Words for a New Year: time to shine

Sermon given at St. Andrew’s Ealing 5th January 2012, Revd Sue McCoan

Isaiah 60: 1-6

Matthew 2:1-12

Well, here we are. 5th January 2020. The start of a new year; the start of a new decade. I wonder how you are feeling about it. Maybe you made a list of goals to achieve, of resolutions to make your life better? Or maybe you are approaching it with some trepidation, not sure what it will bring? Or is it for you just another date in the calendar and nothing to make a fuss about?

Because we are thinking about the Magi bringing gifts, I’d like to suggest we look on this year as a gift. A gift from God. We are all still alive, we are all here; that’s a gift in itself. And now the question we might ask ourselves is: what are we going to do with this gift?

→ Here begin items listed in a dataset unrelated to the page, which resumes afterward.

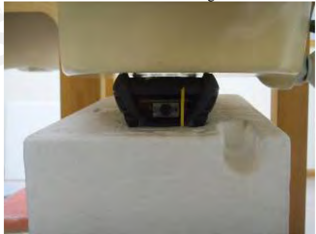
Fig.3 Front side of the EUT is paralleled and contact with flat phantom.
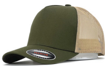
OLIVE GREEN +KHAKI 5336
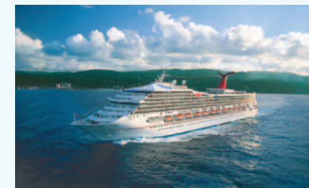
Someone will win a cruise on Carnival Cruise Line.
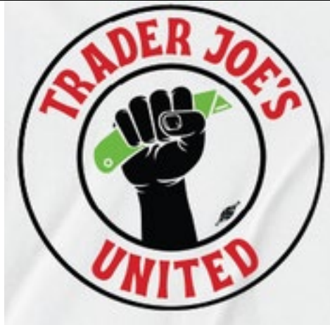
Product design: "Trader Joe's United"

Jamie and I have been given a National Art Pass. That has the potential to be a great gift. But it’s only great if we actually use it, if we make the effort and go to the galleries. If we just sit at home and do nothing with it, then we have made the gift worthless, and rather insulted the care and love of those who gave it. So: What are we going to do with the gift of this year?

Let’s think a bit about the gifts that the Magi brought to Jesus, the gold, frankincense and myrrh. On the face of it, these are rubbish gifts for a toddler. You can’t play with them; you can’t eat them; there was no eBay in those days for Mary to sell them on.

Young Jesus can do nothing with these gifts – for now. But we assume that his parents will tell him about them, later on, when he’s old enough; and that he will understand what this means for himself and his ministry.

Because, of course, that these are not personal gifts. They are symbolic gifts, diplomatic gifts – the kind of gift that trade delegations, or national ambassadors, might bring to a foreign head of state. They are gifts that say: we recognise your importance and your worth. We bring them to honour you and pay respect.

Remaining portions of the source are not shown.